Exercise aim – The entries below should be given again exactly, minus their pictures.

----------------------------------------

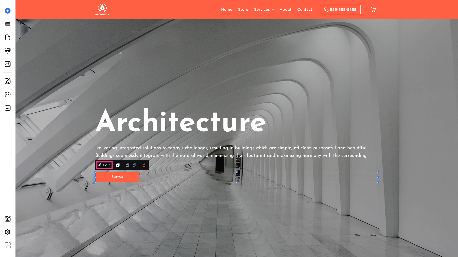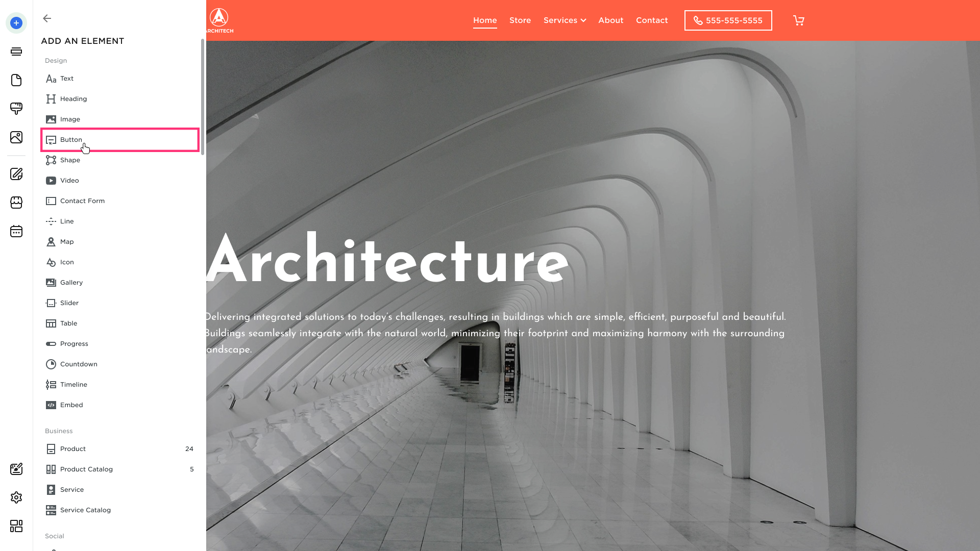 - In the Website Builder, add a Button element by clicking the Build (+) button, dragging it to the desired section, and dropping it using the grid:
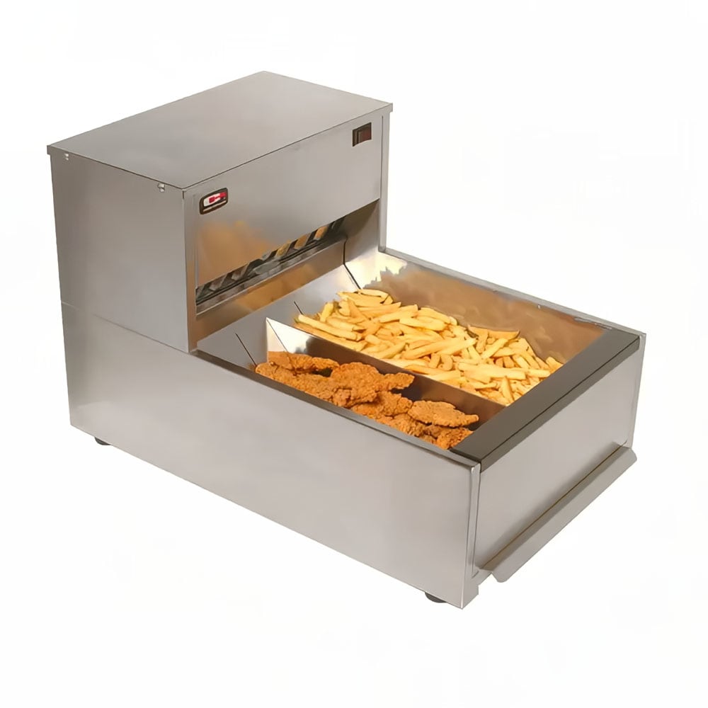 This Carter-Hoffmann Countertop French Fry Warmer has a polycarbonate bar to decrease the risk of nasty burns, and its stainless steel design makes it painless to clean. Its innovative design allows you to expand the holding by removing its dividers. This gives you the ability to heat items in large proportions or several items at once, depending on the placement of the dividers. Its collection pan and oil filter keeps the heater component safe, while preventing your fries from becoming too greasy. The oil pan and oil filter are easily removable for cleaning, and the oil filter is dishwasher safe.
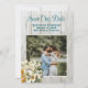 Save the date photo announcements with wood background and calla lilies bouquet design. White wood panels are the background for blue-green text. A big bouquet of white calla lilies decorates the bottom corner of the photo template. This design is also available as an instant download.
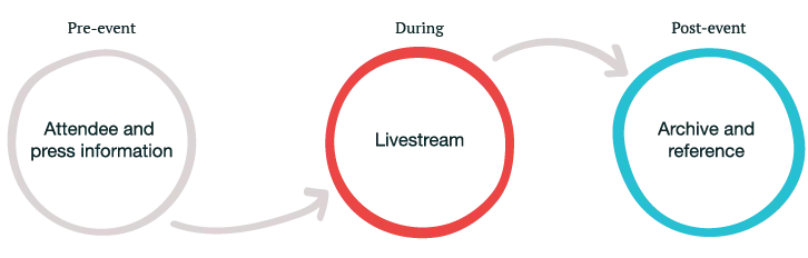 Before the event the site’s main role was to meet the needs of invitees, giving information on the event, travel, accommodation and other FAQs. As well as this, the team were drumming up media interest with the press, which directed journalists to the website as a hub for information.
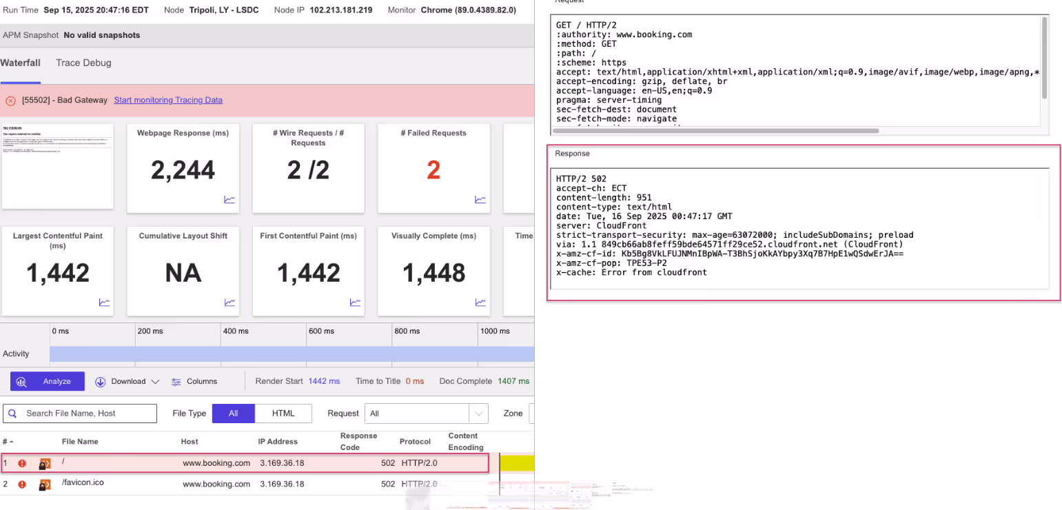 Am 23. Juli, von 14:35 bis 14:52 Uhr, trat auf der Website von Alaska Airlines (www.alaskaair.com) ein 404 Not Found-Fehler auf, der die Website für etwa 20 Minuten unzugänglich machte. Catchpoint erkannte das Problem und bestätigte die Fehler in mehreren Tests. Die Antwort-Header wiesen darauf hin, dass das Problem von Konfigurationsfehlern herrührte, was durch den 404-Fehler und die anschließenden Cache-Miss-Antworten belegt wurde.

----------------------------------------

Written solution –
 - In the Website Builder, add a Button element by clicking the Build (+) button, dragging it to the desired section, and dropping it using the grid:
 This Carter-Hoffmann Countertop French Fry Warmer has a polycarbonate bar to decrease the risk of nasty burns, and its stainless steel design makes it painless to clean. Its innovative design allows you to expand the holding by removing its dividers. This gives you the ability to heat items in large proportions or several items at once, depending on the placement of the dividers. Its collection pan and oil filter keeps the heater component safe, while preventing your fries from becoming too greasy. The oil pan and oil filter are easily removable for cleaning, and the oil filter is dishwasher safe.
 Save the date photo announcements with wood background and calla lilies bouquet design. White wood panels are the background for blue-green text. A big bouquet of white calla lilies decorates the bottom corner of the photo template. This design is also available as an instant download.
 Before the event the site’s main role was to meet the needs of invitees, giving information on the event, travel, accommodation and other FAQs. As well as this, the team were drumming up media interest with the press, which directed journalists to the website as a hub for information.
 Am 23. Juli, von 14:35 bis 14:52 Uhr, trat auf der Website von Alaska Airlines (www.alaskaair.com) ein 404 Not Found-Fehler auf, der die Website für etwa 20 Minuten unzugänglich machte. Catchpoint erkannte das Problem und bestätigte die Fehler in mehreren Tests. Die Antwort-Header wiesen darauf hin, dass das Problem von Konfigurationsfehlern herrührte, was durch den 404-Fehler und die anschließenden Cache-Miss-Antworten belegt wurde.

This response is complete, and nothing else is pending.